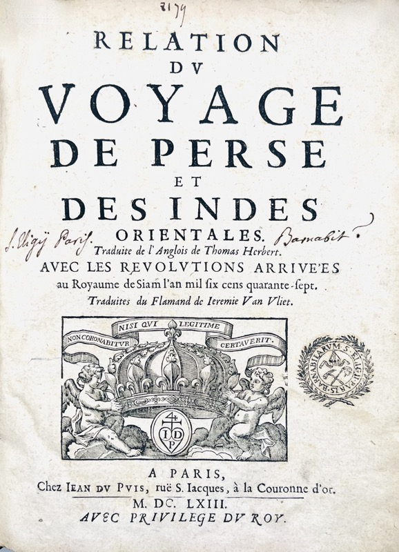 Relation du voyage de Perse et des Indes Orientales. Traduites de l'anglais de Thomas Herbert avec les révolutions arrivées au royaume de Siam l'an mil six cens quarante-sept. Traduites du Flamand de Jérémie Vliet.
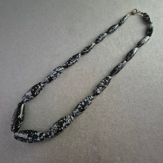 Auffällige Damen Halskette aus Schneeflockenobsidian – Naturstein-Look
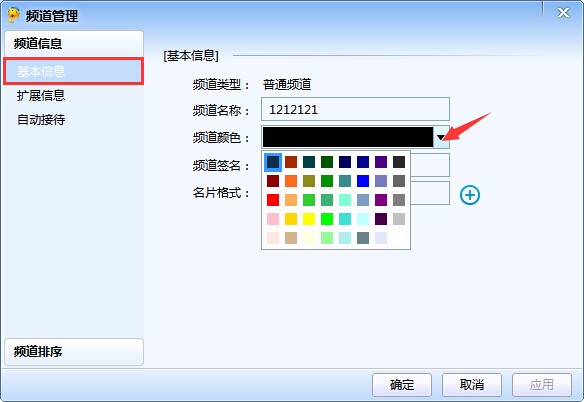 在頻道管理,基本信息當(dāng)中選擇頻道顏色。
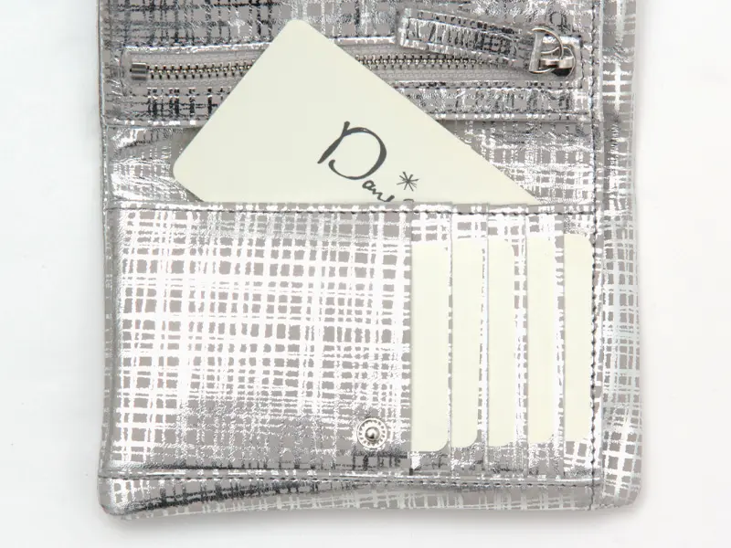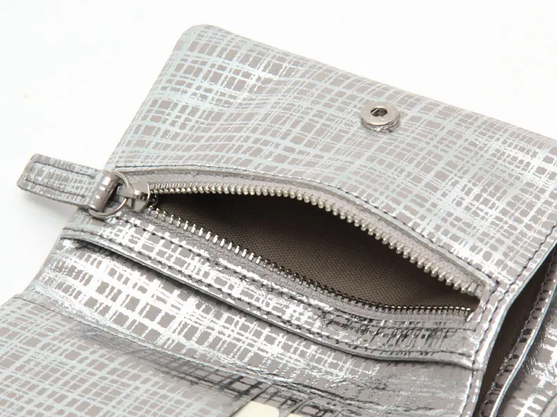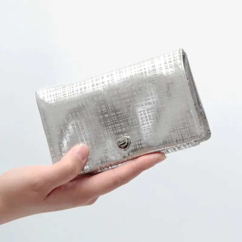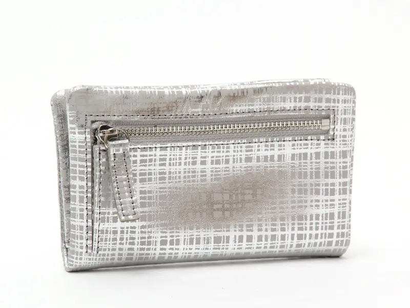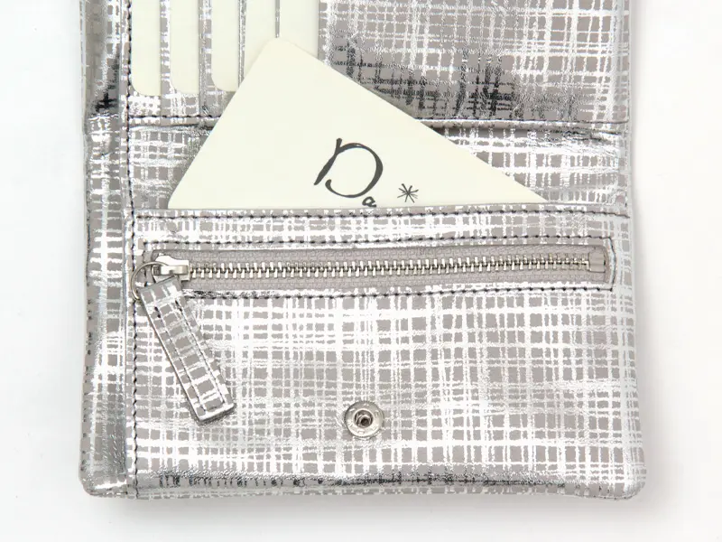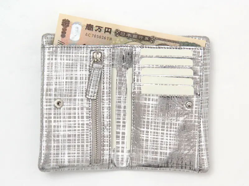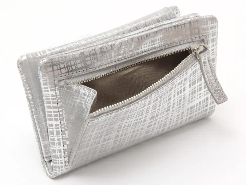 牛革にネットチェック柄の箔プリントを施したオリジナル素材を使用。手元華やぎ、お会計の度に気分も上がりそう。表に縫い目を出さない仕様も新鮮なお財布です。
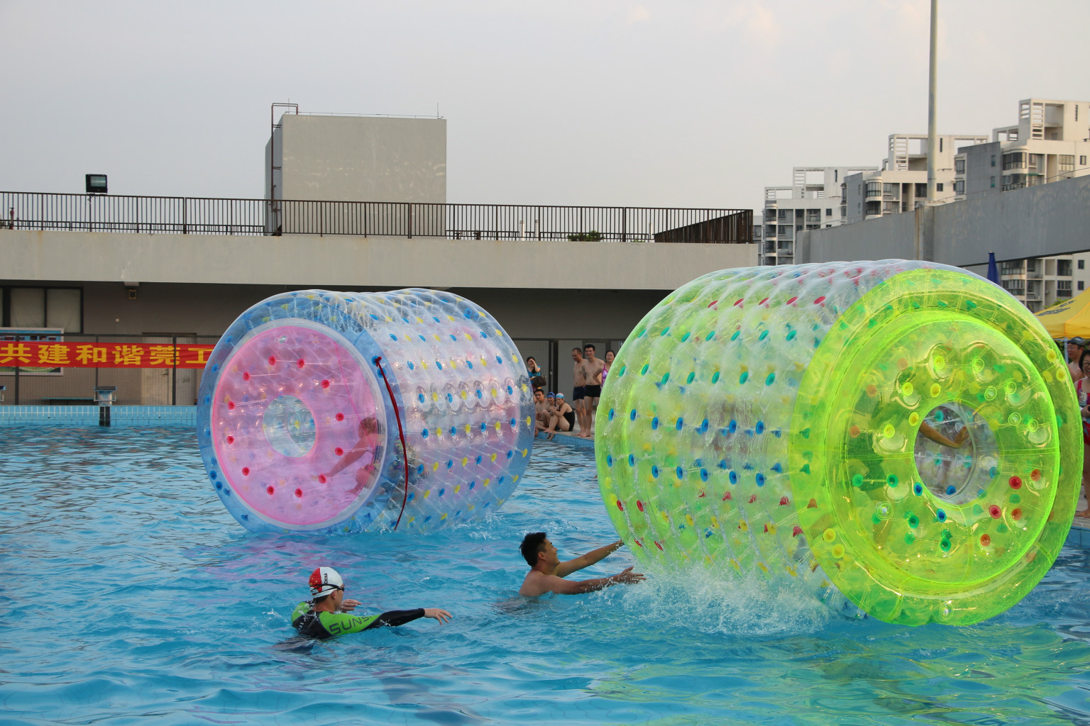 比赛当日艳阳高照,气温更是高达34℃。骄阳似火但大家热情不减。个人比赛的紧张激烈引得岸边加油声不断,团体组的对抗让各分工会教工激动万分。本次水上趣味运动会结合往届的经验,经过工会工作会议讨论,设了40岁以下组(含40岁)和40岁以上组两个组别;团体赛设了赛龙舟、水上滚筒、水中拔河三个项目。
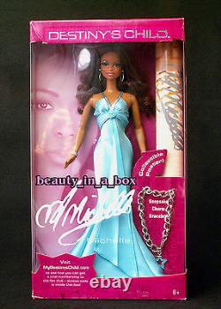 Destiny's Child Barbie Dolls Beyonce Knowles, Michelle Williams, and Kelly Rowland Includes Posters and Charm Bracelets Never Removed From Boxes Boxes are in Very Good condition with light to normal wears: creases, crinkles, edge wear, scuffing, etc. See close-up photos of actual items.
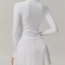 This jacket is tailored with a full-length sleeve and a smooth knit construction that blocks the wind while remaining lightweight. It fits true to size, hugging your form without restricting movement. The slit pockets provide convenient storage for small essentials like keys or your phone, making it a great companion for both gym sessions and outdoor runs.
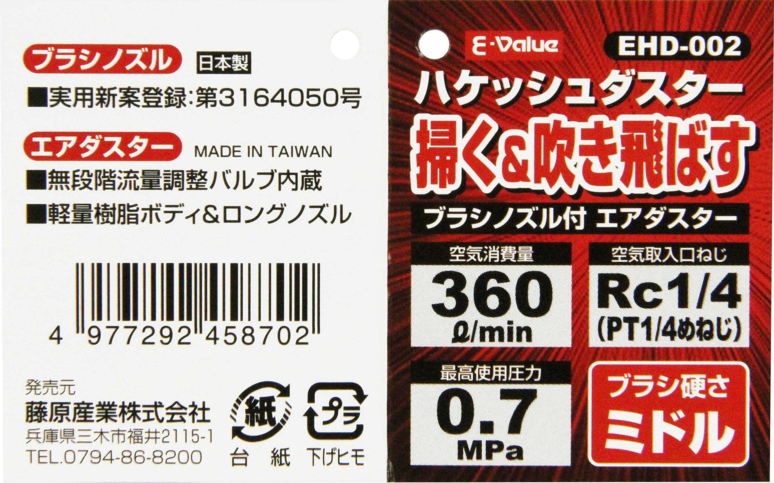 イーバリュー(E-Value) ハケッシュダスター ブラシノズル付エアダスター ミドル EHD-002
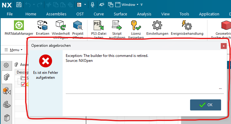 Exception: The builder for this command is retired Source: NXOpen
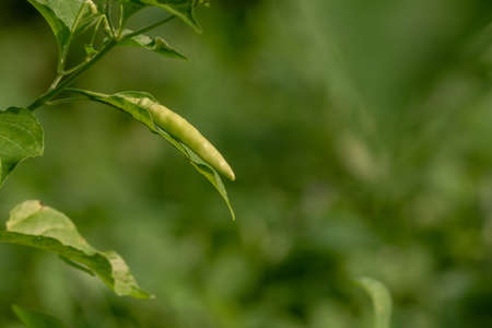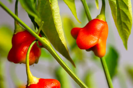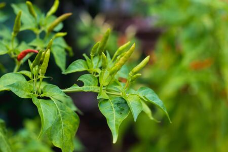 Red chilli pepper in garden farm agriculture, chilli is fruit of plants from the genus Capsicum. Organic red pepper fruit in garden farm agriculture on blurred background on morning in Bali, Indonesia
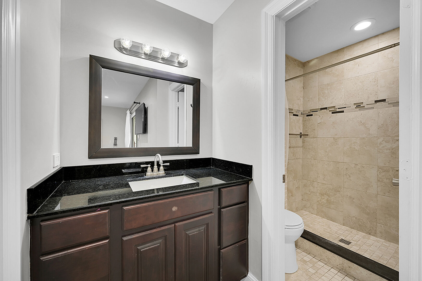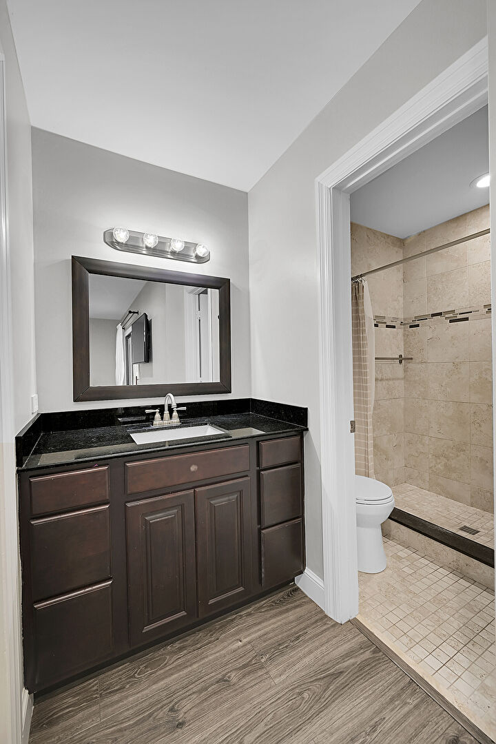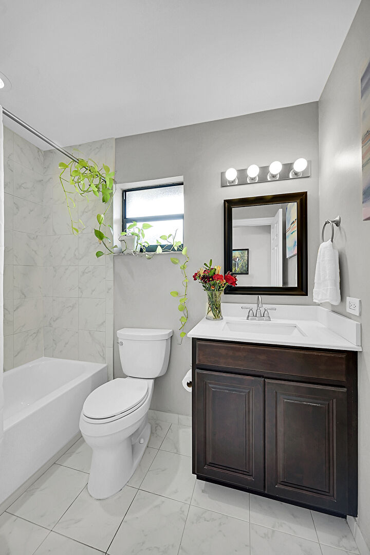 Baseboards Wall, Combined Bath Shower, Drywall, Full Bathroom, Marble Finish Floor, Natural Light, Recessed Lighting, Vanity, Wood Finish Floor, Baseboards Wall, Full Bathroom, Vanity

__________

• _Aim of the exercise_:
Write out the lines from the start of the material to the line with "比赛当日艳阳高照,气温更是高", inclusive and exactly. Skip the pictures.

• _Exercise answer_:
 Relation du voyage de Perse et des Indes Orientales. Traduites de l'anglais de Thomas Herbert avec les révolutions arrivées au royaume de Siam l'an mil six cens quarante-sept. Traduites du Flamand de Jérémie Vliet.
 Auffällige Damen Halskette aus Schneeflockenobsidian – Naturstein-Look
 在頻道管理,基本信息當(dāng)中選擇頻道顏色。
 牛革にネットチェック柄の箔プリントを施したオリジナル素材を使用。手元華やぎ、お会計の度に気分も上がりそう。表に縫い目を出さない仕様も新鮮なお財布です。
 比赛当日艳阳高照,气温更是高达34℃。骄阳似火但大家热情不减。个人比赛的紧张激烈引得岸边加油声不断,团体组的对抗让各分工会教工激动万分。本次水上趣味运动会结合往届的经验,经过工会工作会议讨论,设了40岁以下组(含40岁)和40岁以上组两个组别;团体赛设了赛龙舟、水上滚筒、水中拔河三个项目。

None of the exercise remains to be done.